UPDATED 21:37 EST / FEBRUARY 07 2022


Nvidia’s $66B acquisition of Arm called off on regulatory concerns


Nvidia Corp.’s $66 billion deal to acquire Arm Ltd. has been called off, nixed by regulatory concerns.

The companies, along with Arm owner SoftBank Group Corp., announced the collapse of the deal late Monday night. Arm said it will now prepare for an initial public offering instead within the fiscal year ending in March 2023.

In addition, Arm Chief Executive Simon Segars is leaving, replaced by Rene Haas, president of Arm’s intellectual property group and a onetime Nvidia vice president and general manager of its computing products business.

“Arm has a bright future, and we’ll continue to support them as a proud licensee for decades to come,” Jensen Huang, founder and CEO of Nvidia, said in a statement. “Though we won’t be one company, we will partner closely with Arm. I expect Arm to be the most important CPU architecture of the next decade.”

The Financial Times, referring to three people with direct knowledge of the transaction, had reported late Monday that the deal had collapsed after regulators in the U.S., the U.K. and the European Union raised serious concerns about its effects on competition in the semiconductor industry.

The regulatory concerns had weighed on the deal for months.
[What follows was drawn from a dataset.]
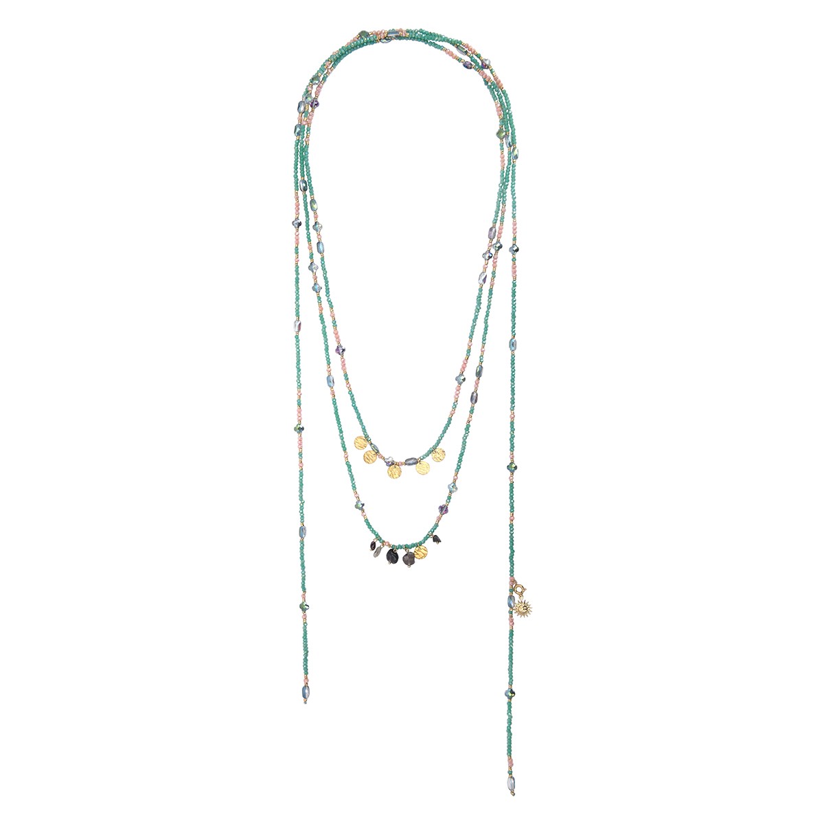 La Ceinture bijou Prana, entièrement confectionné à la main, à nouer est un bijou 2 en 1 pouvant se porter également en collier multi-rangs ou sautoir. Il est composé de cristal turquoise et charms en acier inoxydable.

The U.K.’s top antitrust regulator, the Competition and Markets Authority, was first out of the gate, launching an investigation into the deal in August. The CMA’s investigation looked to scrutinize the proposed transaction more closely because it believed that Nvidia’s acquisition of Arm could harm competition in the chip market. Specifically, the regulator was concerned that Nvidia may have an incentive to restrict competitors’ access to Arm chip blueprints.

Arm indicated it would take steps to prevent potentially anticompetitive behavior following the deal to address those concerns. Arm proposed that it would “keep the firewalls up between the two companies relative to confidentiality” and committed not to give Nvidia earlier access than competitors to new technology. Nvidia, in turn, stated that Arm would continue to operate its current open licensing model.

The U.S. Federal Trade Commission filed a lawsuit in December to block the deal. The FTC sued Nvidia directly on antitrust grounds, claiming that “the proposed vertical deal would give one of the largest chip companies control over the computing technology and designs that rival firms rely on to develop their own competing chips.”

Reports that the deal was in trouble first surfaced Jan. 25. It was claimed that Nvidia was quietly preparing to abandon the transaction because of a failure to secure necessary regulatory approvals.

Under previously outlined terms of the deal, SoftBank will retain the $1.25 billion prepaid by Nvidia as a breakup fee, which SoftBank will count as profit in the fourth quarter. Nvidia will retain its 20-year Arm license.

When first reported in September, the deal valued Arm at about $40 billion. That transaction was meant to be $21.5 billion in stock and $12 billion in cash upfront for Arm, including a $2 billion payment at signing. An additional $5 billion was on the table in earn-outs if Arm’s performance met certain targets, while $1.5 billion more would be paid to Arm employees in Nvidia stock.

Nvidia’s share price then boomed and the deal, based on the offer on Nvidia’s shares, valued Arm at $87 billion in November. Based on Nvidia’s current share price, the deal is valued at around $66 billion.

Given the previous report in late January that the deal was in trouble, Nvidia investors didn’t seem fussed by the news that the acquisition is reportedly off. Nvidia’s shares rose 1.7% in regular trading, closing at $247.28.